- Born: May 22, 1868 Thiensville, Wisconsin, U.S.
- Died: October 31, 1961 (aged 93) Dodgeville, Wisconsin, U.S.
- Occupation: physician

= Bertha E. Reynolds =

American physician

Bertha E. Reynolds (May 22, 1868 – October 31, 1961), known in her community as "Dr. Bertha," was a rural medical doctor in south central Wisconsin, and one of the state's first licensed female physicians, practicing medicine in and around Lone Rock and Avoca from 1902 to 1953.

==Youth and education==

Bertha Elizabeth Reynolds was born in Thiensville, Wisconsin, in 1868. Her parents, John and Margaret Reynolds, had migrated to Milwaukee, Wisconsin, from Quebec, Canada, three years earlier. Reynolds grew up in Ozaukee County, Wisconsin, on her family's farm. In 1892, the Reynolds family moved to Lincoln, Nebraska, where Bertha enrolled in the Lincoln Normal School, afterwards working briefly as a teacher. But she had long harbored a desire to become a doctor, as nine other members of her family (both brothers and cousins) had done. One cousin, Walter H. Neilson, the first dean of the medical school at Marquette University, discouraged her, indicating that medicine was an inappropriate career for women. She matriculated at the University of Nebraska, where she was also discouraged from pursuing the MD. In 1898, thirty-year-old Reynolds nevertheless enrolled in the Woman's Hospital Medical College of Chicago; she completed her MD in 1901.

==Medical practice==

Upon graduation she returned to Wisconsin, joining the Lone Rock, Wisconsin (Richland County, Wisconsin) practice of a brother, Dr. Nelson Reynolds (1872-1910). When Nelson Reynolds relocated to Milwaukee, Wisconsin, Dr. Bertha Reynolds became the area's only physician, her practice predating by about twenty years the better-known work of another pioneering Wisconsin physician, Dr. Kate Pelham Newcomb). A 1923 incident in which Reynolds, unable to reach patients due to Spring flooding, drafted then-unknown aviator Charles Lindbergh to transport her to patients across the Wisconsin River, has been well remembered by residents. Dr. Reynolds would sometimes take elderly patients into her own home until they were well enough to care for themselves. In the 1930s she also served on the Richland County Children's Board. Reynolds attempted to retire in 1940, moving to Avoca, Wisconsin, but when that town's only physician was called to service in World War II, she returned to work, serving Avoca patients until her second retirement in 1953.
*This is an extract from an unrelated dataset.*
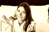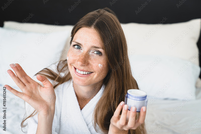 Closeup photo of young attractive woman in white spa bathrobe applying facial moisturizer on cheeks. Female looking at camera, using serum cream for anti-age effect

==Later years and memorialization==

Reynolds received several awards during her lifetime, including a Distinguished Service Award from the University of Wisconsin-Madison. She died October 31, 1961, at the age of 93, and is buried in the Little Brown Church cemetery in Bear Valley. The town of Lone Rock dedicated a park to her memory; a street in Lone Rock has been named for her as well. Her medical apparatus, including her bag and scalpels, were donated to the State Historical Society of Wisconsin.

==Bibliography==
- Thayer, Earl R. and Steve Bussalachi. “First in their class: Wisconsin's pioneering women physicians.” Wisconsin Academy Review (Spring 2005), 51-62.
- Coopey, Judith Redline. "A Life of Service." Wisconsin Trails, Vol 18, No.3, (Autumn 1977), 30.
- Coopey, Judith Redline. "She Flew With Lindbergh" Scholastic Newstime, Vol 48, No. 27 (5 May 1977), 2.
- Durbin, Richard D. The Wisconsin River: An Odyssey Through Time and Space. Spring Freshet Press, 1997.
- Gard, Robert Edward. This is Wisconsin. Wisconsin House, 1969.
- Sherr, Lynn. American Women's Gazetteer. Bantam Books, 1976.
- State Medical Society of Wisconsin. Wisconsin Medical Journal. Vol. 15, 1917.